I hate it when people tell you what to change in your poetry, you write from your heart and sould, not from your mind! So ignore them, I love it just the way it is... and when you find out the answer to your question let me know, because I too have that problem of telling the one i truly care for, scared of hearing that he doesnt feel the same.
Hehe...this is a really cute/nice/<insert string of adjectives> idea. There are some lines that I just love in this piece (To the story in which we take place...of how a man becomes a lover...let us add another chapter to the book that holds our lives)
However, this rhyming-poem bit is tricky (and I have no rhythm, so I always steer away from them : / ) and although you do it admirably, there are lines where the beat is off, or the sentence length throws off the stanza...etc.
I find it helpful to re-read the poem out loud, keeping a natural beat in mind. If a line sounds a bit off, don't ignore it, but try to remedy it. I found that the rhythm was thrown in a few places, such as..
"or press delete and it will all have been erased" perhaps to..";press delete- have it all erased"
"until the morning sun will rise" to..."'til the morning sun doth rise" (or, if you don't like old school ; ) ) "'til the blood-red morning's rise" ...or something : /
The two lines
"let us add another chapter of each and every time a lover is due <- here to be faithful and to be honest until our love is pure and true <- and here"
Are good within themselves, but don't mesh that well together. So there are a few bits like these that can easily be edited with a little snipping and word change. This is a nice romance poem and I look forward to seeing it when revised.

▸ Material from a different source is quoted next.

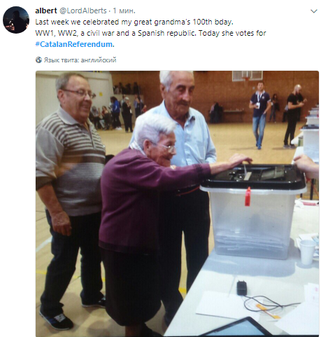 14:10  Пожилая женщина, которой тяжело ходить, идет голосовать. Собравшиеся каталонцы аплодируют ей.

let us add another chapter To this life that you want to establish To become one with me, my life my home Do you want to build what I want to uncover When will you be home...my one...my friend...my lover
let us add another chapter adding it together with no strings attached if you would rather cut this mess and leave me out That is fine, but you know what I am about
Let us add another chapter Full, of life, love, and God And let it be true That our love will never melt Unless you portray it to be like dew on a tree
me adding another chapter to my book Have I completed you? With every craney, with every hook...in every nook?